Review Data Ingestion and Modeling Phases
After completing this unit, you’ll be able to:
- Examine how data is ingested into Customer 360 Audiences.
- Apply basic data modeling concepts to your account.
Phase 1: Data Ingestion
In the overview we indicated that the data is first ingested from the source and stored in our system in a data source object, but we didn’t get into the details of how you can actually connect and access data in the source system. Data is retrieved from the source by way of a Connector. Connectors literally connect to the location where your data sources reside, establishing a communication between servers, so that your data can be continually accessed. Data Streams assist the connectors in that they dictate how often and when the connections should be established. And they also assist with actually populating the data into the data source object once the connector gains access.
The following connectors are available to Customer 360 Audiences users.
- Marketing Cloud Email Studio
- Marketing Cloud MobileConnect
- Marketing Cloud MobilePush
- Marketing Cloud Data Extensions
- Sales and Service Cloud
- AWS S3
Marketing Cloud Email Studio, MobileConnect, and MobilePush
Customer 360 Audiences provides starter data bundles that give you predefined data sets for email and mobile. Because these are all known system tables, these bundles take you all the way from step (1) importing the data set as-is to step (2) introducing it automatically to the data model layer. Which means within a few clicks, you are ready to get to work on your business use cases. The behavioral, engagement-oriented data sets retrieved by these connectors are refreshed hourly; the profile data sets are refreshed daily.

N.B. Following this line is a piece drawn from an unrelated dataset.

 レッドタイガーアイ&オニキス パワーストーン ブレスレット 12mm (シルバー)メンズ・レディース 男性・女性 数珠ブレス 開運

Marketing Cloud Data Extensions
You can also access custom data sets via Marketing Cloud Data Extensions. For example, you can use this connector to ingest ecommerce or survey data that you’ve already imported into Marketing Cloud. Simply provision your Marketing Cloud instance in Customer 360 Audiences after which point you’ll see the list of Data Extensions that can be brought in. Depending on how you choose to export your data extension from Marketing Cloud—Full Refresh or New/Updated Data Only—the data will be retrieved by the connector daily for the former option or hourly for the latter option. Keep in mind that unlike the starter data bundles, which both (1) import the data and (2) model the data for you, with this connector you must complete the modeling step yourself, since the data set is custom.
Sales and Service Cloud
Once you authenticate your Sales and Service Cloud instance, you can choose one object per data stream to connect to your Customer 360 Audiences account, either by selecting from a list of available objects or searching. The data is refreshed hourly, and once a week there’s also a full refresh of the data.
This option creates a data stream from data stored on an Amazon Web Services S3 location. The connector accommodates custom data sets and you have the option to retrieve data hourly, daily, weekly, or monthly. As with custom data sets, the connector completes the (1) import step, and you subsequently (2) map the data to the model.

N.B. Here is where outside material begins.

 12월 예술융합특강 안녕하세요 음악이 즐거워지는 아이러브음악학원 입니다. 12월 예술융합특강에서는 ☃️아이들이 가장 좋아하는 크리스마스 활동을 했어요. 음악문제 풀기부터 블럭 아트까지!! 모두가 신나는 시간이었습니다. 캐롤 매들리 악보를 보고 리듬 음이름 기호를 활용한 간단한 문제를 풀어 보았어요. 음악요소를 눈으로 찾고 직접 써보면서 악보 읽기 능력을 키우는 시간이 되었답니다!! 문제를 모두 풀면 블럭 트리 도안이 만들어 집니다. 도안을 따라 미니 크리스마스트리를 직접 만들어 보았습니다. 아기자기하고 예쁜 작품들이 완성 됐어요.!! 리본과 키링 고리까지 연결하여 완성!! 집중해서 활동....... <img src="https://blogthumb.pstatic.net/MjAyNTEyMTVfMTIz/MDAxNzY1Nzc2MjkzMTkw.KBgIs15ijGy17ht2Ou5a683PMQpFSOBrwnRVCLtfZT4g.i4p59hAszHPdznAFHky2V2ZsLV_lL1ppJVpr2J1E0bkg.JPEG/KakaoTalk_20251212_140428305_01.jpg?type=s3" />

For any one of these connectors, the Refresh History tab is a good resource to validate that the data is being retrieved at the expected cadence and without errors. Should there be a retrieval error, the Status column (shown in the following image) provides more information about the error.

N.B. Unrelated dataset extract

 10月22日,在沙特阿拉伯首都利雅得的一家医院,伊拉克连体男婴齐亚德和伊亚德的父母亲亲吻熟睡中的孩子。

Extend Using Formula Fields
Connectors fetch the original shape of the data by retrieving the full source field list, and you can create additional calculated fields if you choose. For example, if the connector retrieves an age field as a raw number and you want to band the data into age groups like 18–24 years, 25–34 years, 35–44 years, 45+ years, you can achieve that by adding a new formula. The formula is a combination of IF statements as well as <and, or> operators—to the data source object that is derived from the age source field.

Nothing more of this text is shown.